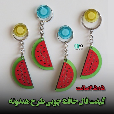 گیفت فال حافظ جاسوییچی طرح هندوانه فالدار. هم جاسوییچی هندونه + هم فال حافظ . گیفت شب یلدا . حک یک مصرع شعر (9 طرح مختلف ترکیبی) چوبی دو لایه
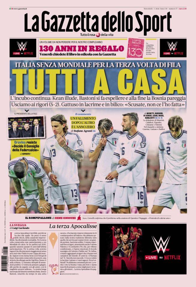 Τα ΜΜΕ στην Ιταλία έχουν πρώτο θέμα το νέο αποκλεισμό. Ακόμα και οι πολιτικές εφημερίδες έχουν κεντρικό θέμα τη νέα αποτυχία. Ο τίτλος «Tutti a casa» είναι αυτός που κυριαρχεί. Χρησιμοποιείται κυρίως σε αθλητικές αποτυχίες, όπου τονίζεται το γεγονός της μη πρόκρισης και της παραμονής στο σπίτι.
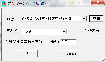 今までは、ガンマ分布による降雨減衰計算での1分間雨量累積分布の0.0075%値は数値入力となっていましたが、その選定の補助機能を追加しました。
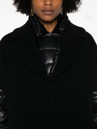 layered wool jacket Highlights - Black - Virgin wool - Felted - Contrasting panel detail - Layered design - Notched collar - Long sleeves - Quilted panels - Two side inset pockets - Straight hem - Front press-stud fastening Made in Italy Composition Outer: Virgin Wool 72%, Polyamide 28% Lining: Acetate 65%, Polyester 35% SIZE & FIT Model measurements Height 5 ft 11 in(1.8 m) Bust/Chest 32.67 in(83 cm) Hips 35.82 in(91 cm) Waist 25.98 in(66 cm) FittingInformation Designed for a relaxed fit, this piece allows for comfort and movement when worn Made from a padded non-stretch fabric, giving it no natural elasticity This piece fits true to size – take your usual size
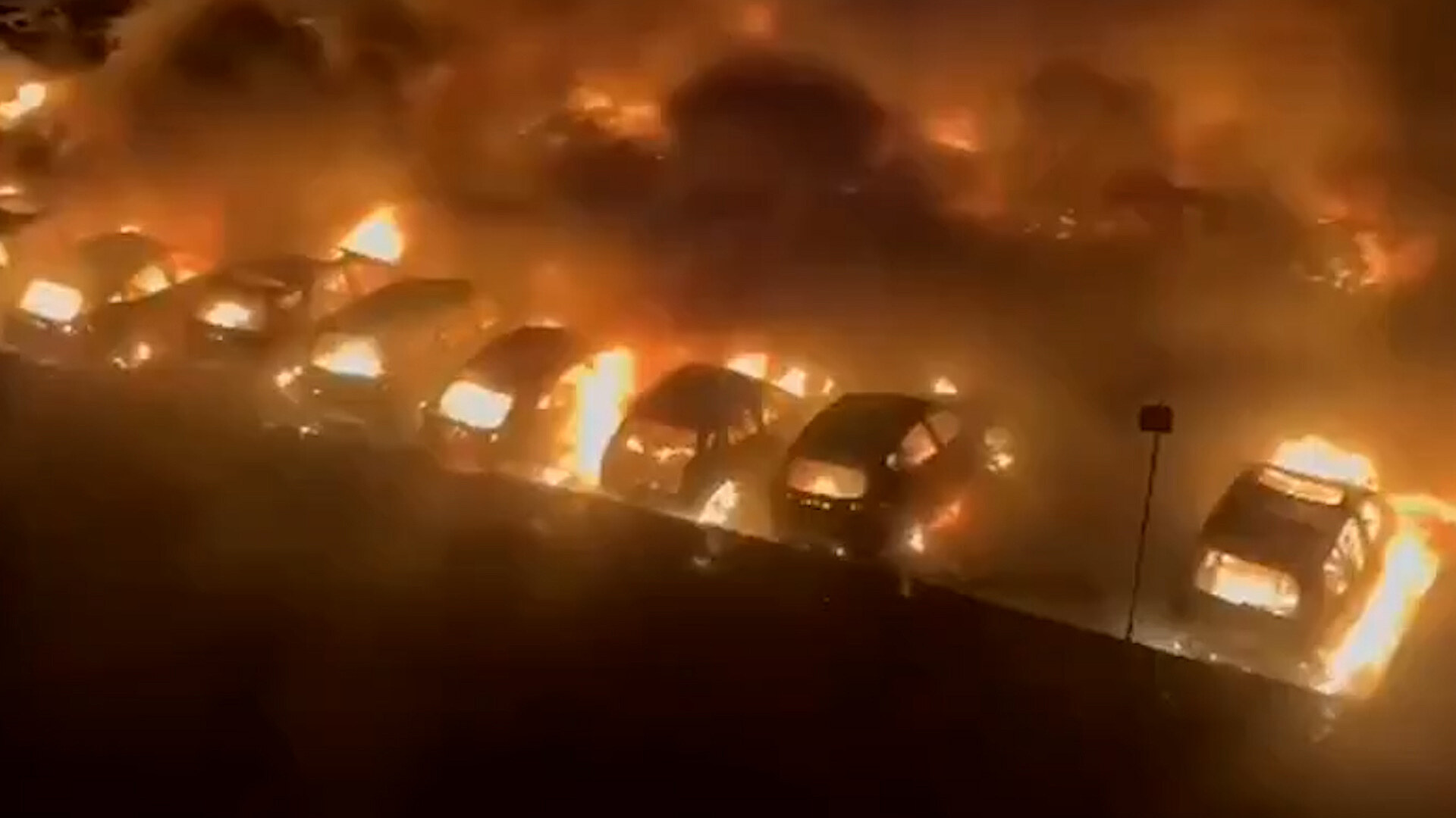 Žhář zapálil parkoviště. Shořelo třicet aut
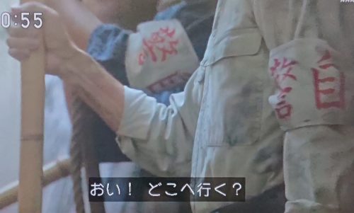 セリフ「武器庫に押し入り、『自警団』とか言い出しやがって、勝手に関所作り始めて『略奪から守る』なんて題目で、警官や軍人も出動して、拳銃と刃物振り回してる。まるで戦場です。もうめちゃくちゃなんだよ!人間がおかしくなってんだ!」。 (事務所スタッフが教えてくれました)
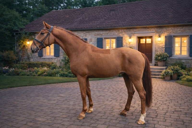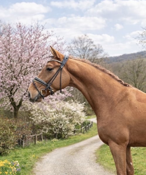 Vielleicht noch etwas Grün hinter den Ohren, aber brav und rittig präsentiert sich dieser 4 j Wallach mit Traumpedigree mit drei sehr guten GGA, ideal für erfahrenen Amateur zum Selbstausbilden! Top Einstellung und Charakter, er bringt Alles mit! Sehr guter Tüv ! Standort Bielefeld 01703004835
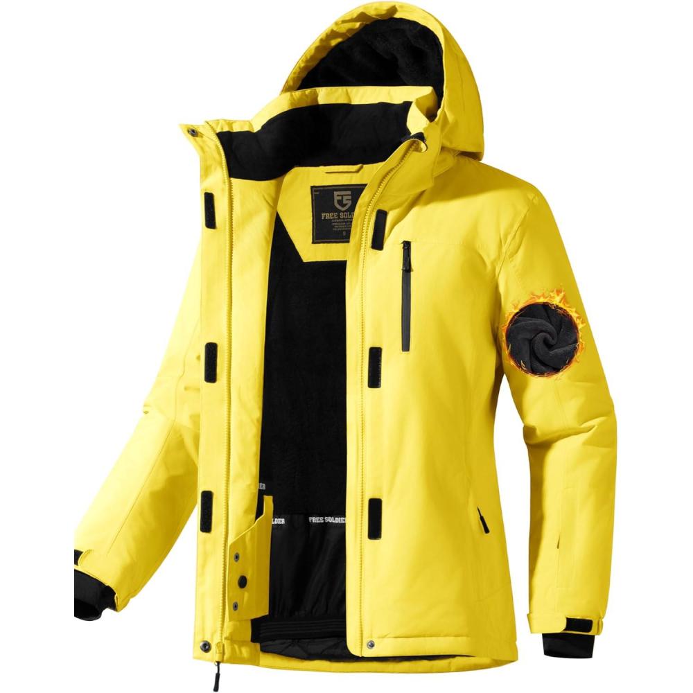 FREE SOLDIER Women’s Waterproof Ski Snow Jacket Fleece Lined Warm Winter Rain Jacket with Hood Fully Taped Seams(Yellow)
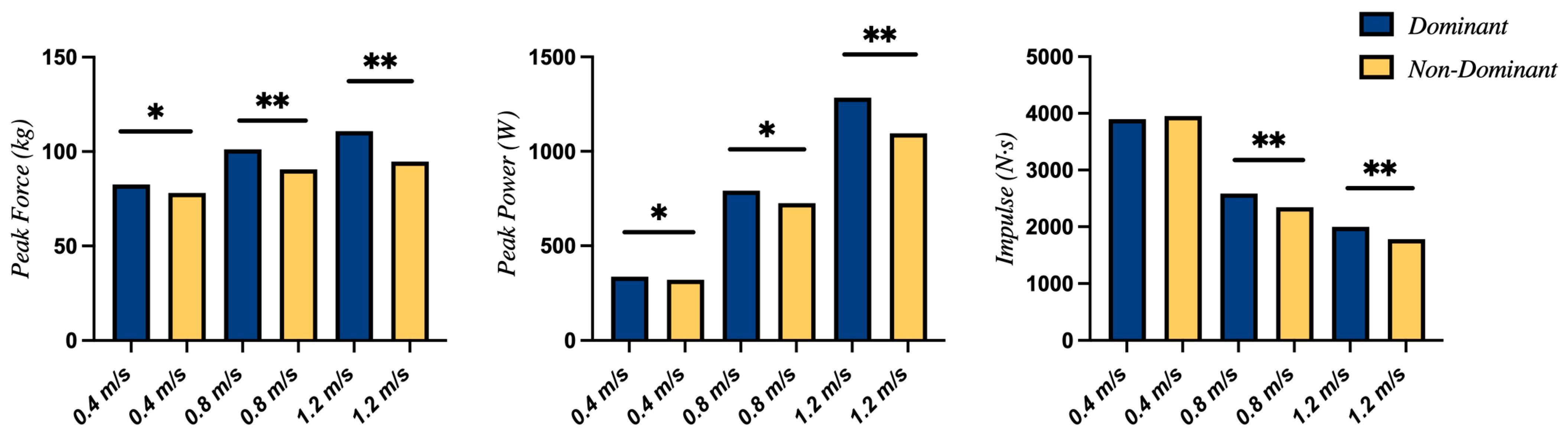 | Impulse (N·s)—0.8 m/s | 2587.04 ± 949.54 | 2344.12 ± 758.73 | <0.001 ** | 0.73 (Moderate) |
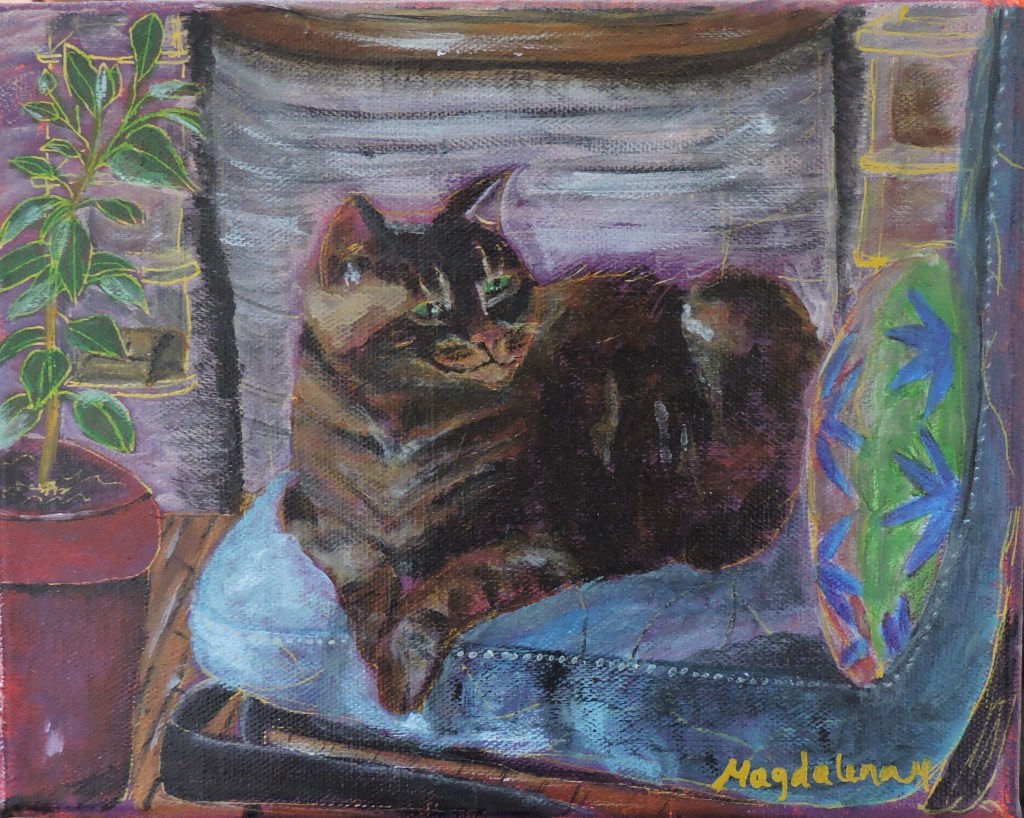 Welcome to my first solo exhibition, running from May 6 to June 2, 2025, at Dupont & Dupont. This collection features ten art pieces that explore the interplay of the ordinary and divine in cats. The journey begins with an invitation to imagine the extraordinary realms these magical beings might inhabit and ends with their everyday lives as house companions, where we worship them most.

**Try it:** Leave the pictures out, and restate exactly the lines from the start of the records through the one that contains "今までは、ガンマ分布による降".

**Exercise solution:**
 گیفت فال حافظ جاسوییچی طرح هندوانه فالدار. هم جاسوییچی هندونه + هم فال حافظ . گیفت شب یلدا . حک یک مصرع شعر (9 طرح مختلف ترکیبی) چوبی دو لایه
 Τα ΜΜΕ στην Ιταλία έχουν πρώτο θέμα το νέο αποκλεισμό. Ακόμα και οι πολιτικές εφημερίδες έχουν κεντρικό θέμα τη νέα αποτυχία. Ο τίτλος «Tutti a casa» είναι αυτός που κυριαρχεί. Χρησιμοποιείται κυρίως σε αθλητικές αποτυχίες, όπου τονίζεται το γεγονός της μη πρόκρισης και της παραμονής στο σπίτι.
 今までは、ガンマ分布による降雨減衰計算での1分間雨量累積分布の0.0075%値は数値入力となっていましたが、その選定の補助機能を追加しました。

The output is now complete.